What is Dandy-Walker Syndrome?

Dandy-Walker syndrome is a congenital brain malformation involving the cerebellum and the fluid filled spaces around it. The cerebellum is an area at the back of the brain that controls movement.

Children with Dandy-Walker syndrome may never have normal intellectual development. The length of their life span depends on the severity of the syndrome and associated malformations. The presence of multiple congenital defects may shorten life span.

Dandy-Walker syndrome is frequently associated with disorders of other areas of the central nervous system including absence of the connecting area between the two cerebral hemispheres, and malformations of the heart, face, limbs, fingers and toes.

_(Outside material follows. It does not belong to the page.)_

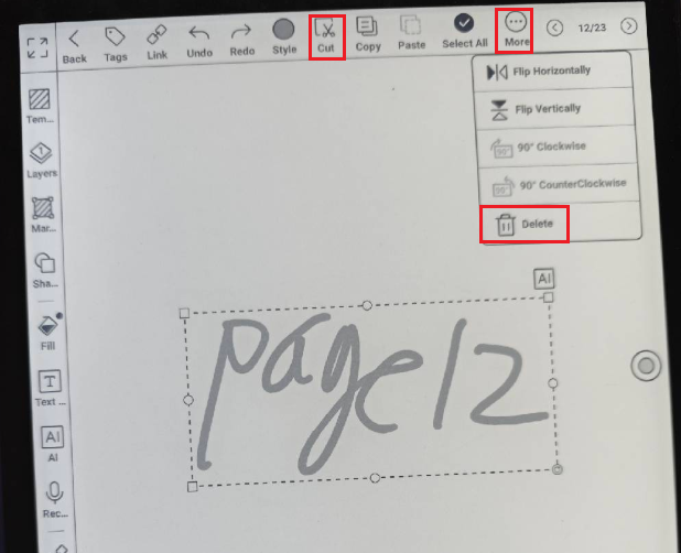 Next, less important but potentially useful, would be to add functionality to AI selection of the text. Currently, when circling around a text, the AI box appears around it with the main function of transforming the handwritten note to text. It would be great to add to the selected AI box additional micro icon (similar to the current Rotation icon displaying in the lower right corner of the selection). That icon would be Delete (trash bin), so that it would work as kind of Lasso Eraser.
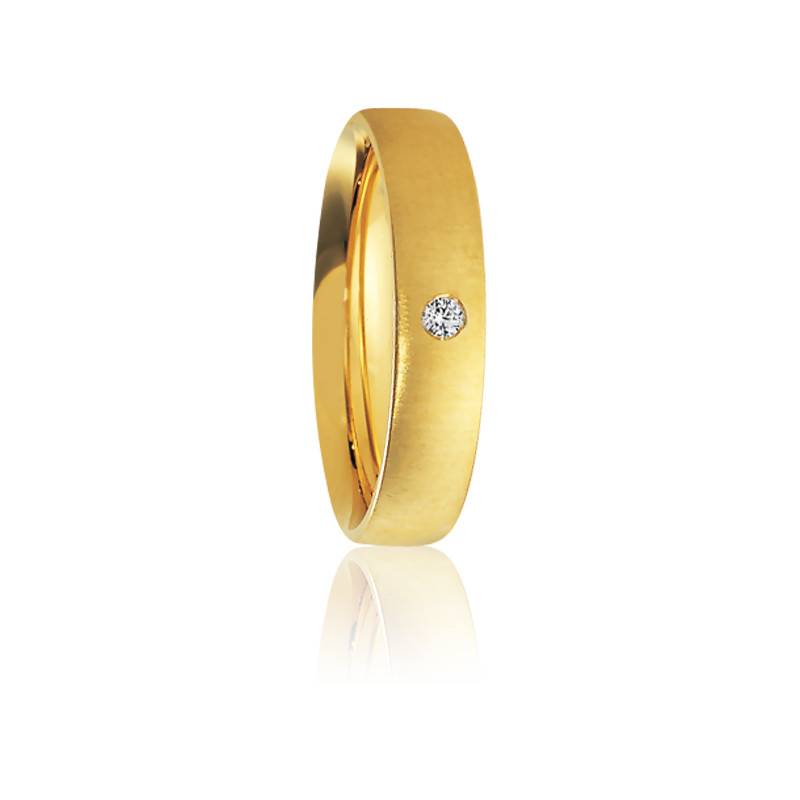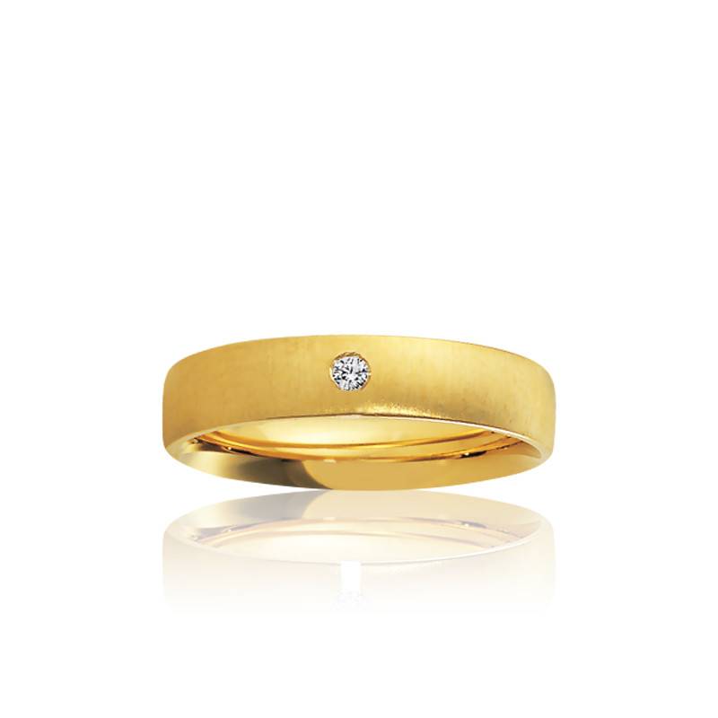 La maison vous dévoile cette alliance réalisée en or blanc 750/1000 (18K). Cette charmante alliance dispose d'une face qui est claire et polie, et l'autre qui a une finition sablée et foncée grâce à un léger alliage de ruthenium. Au centre est serti un diamant de 0,025 carat qui va apporter de l'éclat. De couleur G et de pureté SI1, ce diamant unifie avec élégance cette bague. La largeur de l'anneau est de 4,50 mm et son épaisseur est de 1,70 mm. Enfin, comptez un poids d'or moyen de 4,31 grammes.

Dandy-Walker Syndrome is also called: Dandy-Walker Malformation, Dandy-Walker Cyst, Dandy-Walker Deformity, DWM, Hydrocephalus, Internal, Dandy-Walker Type, Hydrocephalus, Noncommunicating, Dandy-Walker Type, Luschka-Magendie Foramina Atresia.

Symptoms of Dandy-Walker Syndrome

Symptoms of Dandy-Walker syndrome vary according to age. Symptoms that appear in early infancy include: slow motor development and an abnormally enlarged skull. In older children symptoms include: irritability, vomiting, convulsions, ataxia and jerky eyes.

Other common symptoms of Dandy-Walker syndrome are:

  • increased head circumference
  • a head bulge at the back of the skull
  • problems with the nerves that control the eyes, face and neck
  • abnormal breathing patterns

Can Dandy-Walker Syndrome be Treated?

Yes. Treatments for Dandy-Walker syndrome are aimed at controlling and reducing the symptoms. In some cases, a special tube to reduce intracranial pressure may be placed inside the skull to control swelling.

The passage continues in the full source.